Quasisymmetric Maps, Doubling Measures, and Geometry of Banach Spaces

Banach 空间的拟对称映射、加倍测度和几何

• 批准号: 0913474
• 负责人: Leonid Kovalev
• 金额: $ 3.52万
• 依托单位: Syracuse University
• 依托单位国家: 美国
• 项目类别: Standard Grant
• 财政年份: 2008
• 资助国家: 美国
• 起止时间: 2008-07-31 至 2010-05-31
• 项目状态: 已结题
• 来源: https://www.nsf.gov/awardsearch/showAward?AWD_ID=0913474&HistoricalAwards=false
• 关键词: Quasisymmetric; Maps; Doubling; Measures; Geometry

This project brings together topics from geometric analysis, harmonic analysis, and nonlinear functional analysis. The concept that connects the three areas is the notion of an accretive map, which can be thought of as a far-reaching generalization of an increasing function of one real variable. Some of the problems to be addressed within the project are the following: (1) bi-Lipschitz equivalence of Euclidean spaces with nonsmooth conformal metrics, in particular with metrics defined by Riesz potentials; (2) construction of quasisymmetric maps as vector-valued potentials of possibly non-doubling measures; (3) geometric properties of measures that satisfy a stronger, isotropic form of the doubling condition; (4) uniform continuity and Lipschitz continuity of approximate duality maps in Banach spaces; (5) variants of the Beurling-Ahlfors extension theorem for accretive maps and for complex gradients of real-valued functions. A fundamental problem in geometry and analysis is to find a parametrization of a given metric space (i.e., a set with a notion of distance) that makes it possible to visualize the space and to understand its structure. (One practical situation in which this issue arises is the construction of flat maps of the mammalian cerebral cortex.) The Riemann mapping theorem provides a parametrization of a surface that preserves all angles but that can significantly distort distances between points. This distortion of distances can sometimes be reduced by a carefully chosen additional deformation of the flat region onto which the surface is mapped. Our current understanding of such deformations of Euclidean spaces is far from complete even in two dimensions. The principal investigator is interested in using accretive maps to shed new light on this subject. Under an accretive map a space can be significantly stretched or shrunk at multiple locations, but it is never rotated by more than a predetermined amount.

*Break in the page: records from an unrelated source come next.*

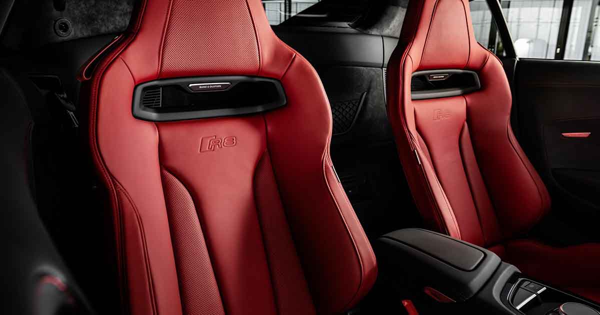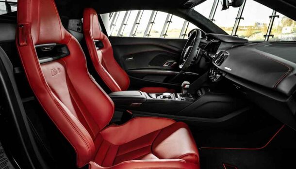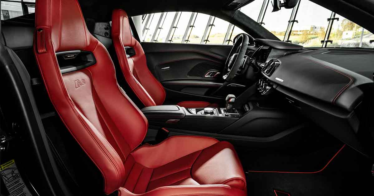 I tappetini sono speciali e riportano il logo R8, le cuciture sono a contrasto rosso.
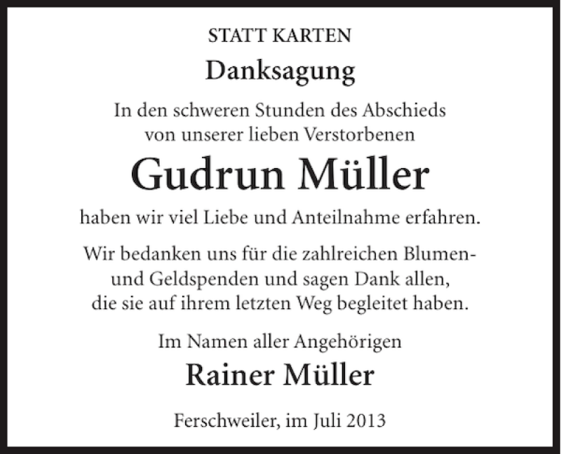 Hier finden Sie alle Traueranzeigen aus der Zeitung, die bisher für Gudrun Müller erschienen sind. Weitere Traueranzeigen, die in der Zeitung erscheinen, werden hier ebenfalls aufgelistet
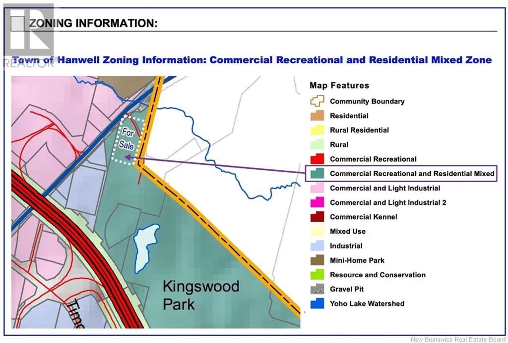 Unique development opportunity -- 3.78 acre commercial site located in the upscale Kingswood Resort neighborhood! Ideal corner lot site on Kingswood Way -- a short walk to the Kingswood 9 & 18 hole golf courses, Sam Sneads Oak Grill & Tavern, the Kingswood Entertainment Center, and the Radisson Kingswood Hotel & Suites. The property is currently zoned as CRRM (Commercial Recreation & Residential Mixed) under the Hanwell Zoning Bylaw. While this zoning classification permits a wide variety of possible development options, in order to preserve the beauty and charm of this well established neighborhood and to ensure compatibility with the other businesses in the area, the seller reserves the right to approve the Buyer's intended business use and their related site and building development plans as a condition of any sale. Any property sale shall also be subject the execution of various related agreements, including a Non-Compete, a Right of Way Agreement, a Site Plan Agreement (which specifies that the buyer shall be responsible for installing underground electrical service, well and septic services, and various other terms), and Restrictive Covenants -- all of which are designed to protect the interests of all parties and to ensure neighborhood compatibility. The attached Subdivision Plan contains additional info re. the boundaries and dimensions of this prime1.53 Hectare (3.78 acre) site. Don't delay, contact your REALTOR® for additional information today! (id:27476)
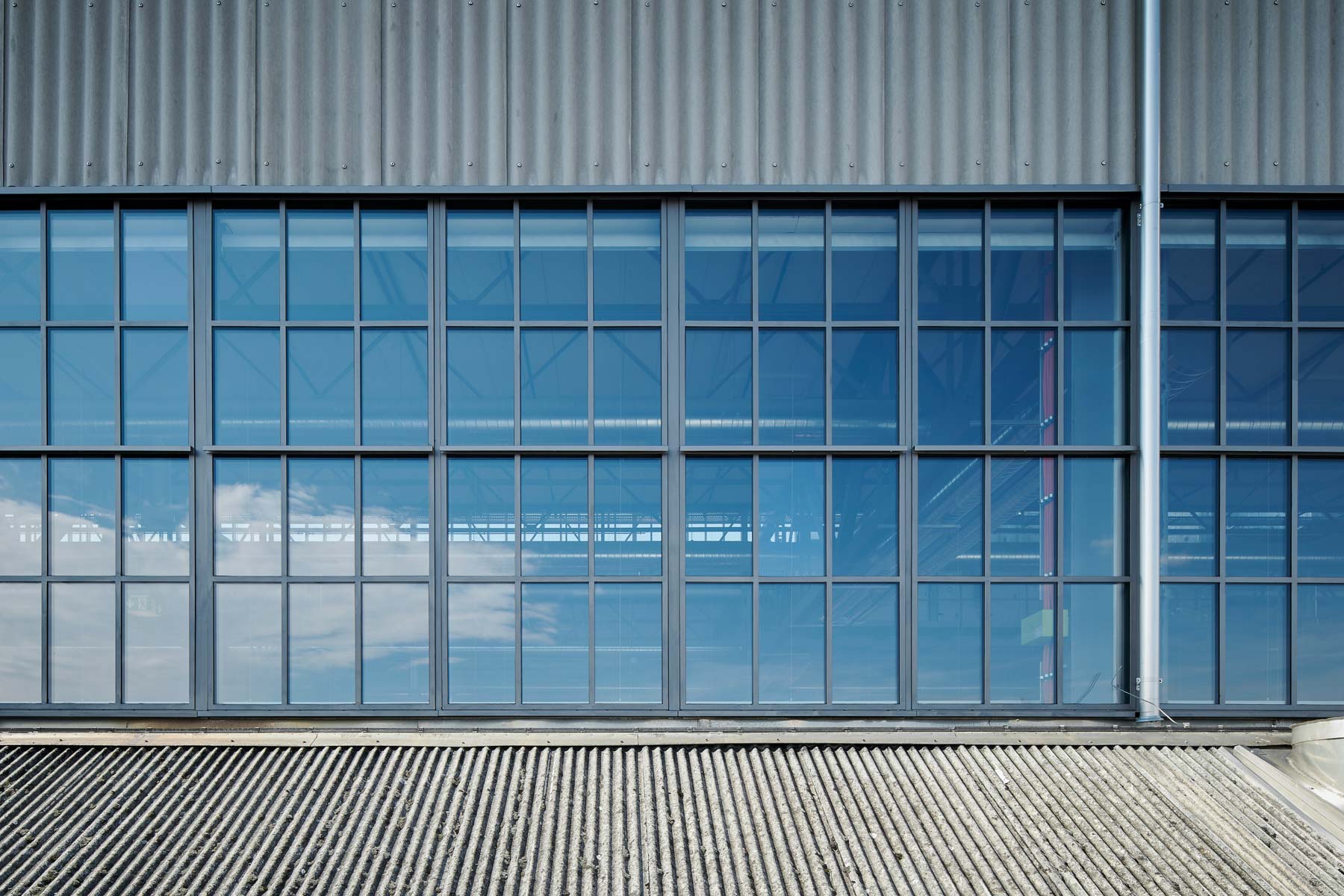 Die äußere Glasfront der ehemaligen Werkshallen bestand aus Einfachverglasungen mit sehr schmalen Profilen. An der Nord- und Südfassade mussten je eine 5 m hohe und 120 m breite Front ausgebaut werden, deren Glaselemente von Stahlträgern gehalten wurden. Insgesamt wurden im Obergeschoss des Salzhauses fast 1900 Festverglasungen erneuert. Da die Fassaden denkmalgeschützt sind, mussten die neuen Festverglasungen die gleichen Profilansichtsbreiten aufweisen wie die ursprünglichen Elemente aus Winkel- und T-Stahlprofilen mit Einfachverglasung.
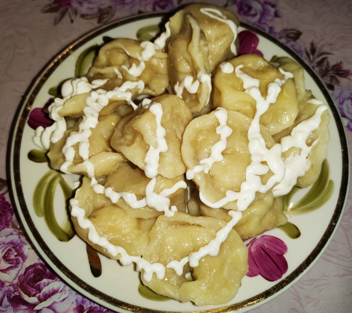 Всем привет 😊! Сегодня я расскажу Вам, рецепт очень вкусных пельменей. Тесто получается очень тонкое,не липнет к рукам при лепке, а самое главное пельмени не развалятся во время варки. Для ингредиентов нам понадобится: - мука 600-650гр. - яйца 2 шт. - 0.5 ч.л. соли. - растительное масло 60 мл. - вода 190 мл. (теплая). Для фарша: - фарш -400 гр. (любой). - лук 2 шт. (средние). - вода 50мл. - соль 1 ч.л. Приготовление теста. В глубокую миску просеиваем 500 г. муки, добавим соль, яйца. В теплую воду вливаем масло и добавляем все в миску. Замешиваем тесто сначала вилкой, затем на столе, добавляя оставшуюся муку. Берём пакетик или пищевую пленку и заворачиваем тесто, чтобы оно не сохло и положим в холодильник на 15 минут. Тем временем приготовим фарш. В блендере или через мясорубку перемолоть 2 луковицы. Фарш солим, по желанию добавляем специи, лук, воду и перемешиваем. Достали тесто с холодильника и разделим его на 3 части. Две уберем пока в пакет, а первую расскатываем в тонкий пла

这个专题汇集了几何分析、调和分析和非线性泛函分析的主题。连接这三个领域的概念是增生映射的概念，它可以被认为是一个真实的变量的增函数的深远推广。该项目中要解决的一些问题如下：（1）具有非光滑共形度量的欧氏空间的双Lipschitz等价，特别是与Riesz势定义的度量;（2）作为可能非加倍测度的向量值势的拟对称映射的构造;（3）满足加倍条件的更强的各向同性形式的测度的几何性质;（4）Banach空间中近似对偶映射的一致连续性和Lipschitz连续性，（5）增生映射和实值函数复梯度的Beurling-Ahlfors扩张定理的变形. 几何和分析中的一个基本问题是找到给定度量空间的参数化（即，具有距离概念的集合），使得可以可视化空间并理解其结构。(One这个问题出现的实际情况是构建哺乳动物大脑皮层的平面图。黎曼映射定理提供了一个参数化的表面，保持所有的角度，但可以显着扭曲点之间的距离。这种距离的变形有时可以通过对映射表面的平坦区域进行仔细选择的附加变形来减少。我们目前对欧几里得空间的这种变形的理解甚至在二维空间中也远未完成。首席研究员有兴趣使用增生映射来阐明这个问题。在增生映射下，空间可以在多个位置显著地拉伸或收缩，但它的旋转永远不会超过预定的量。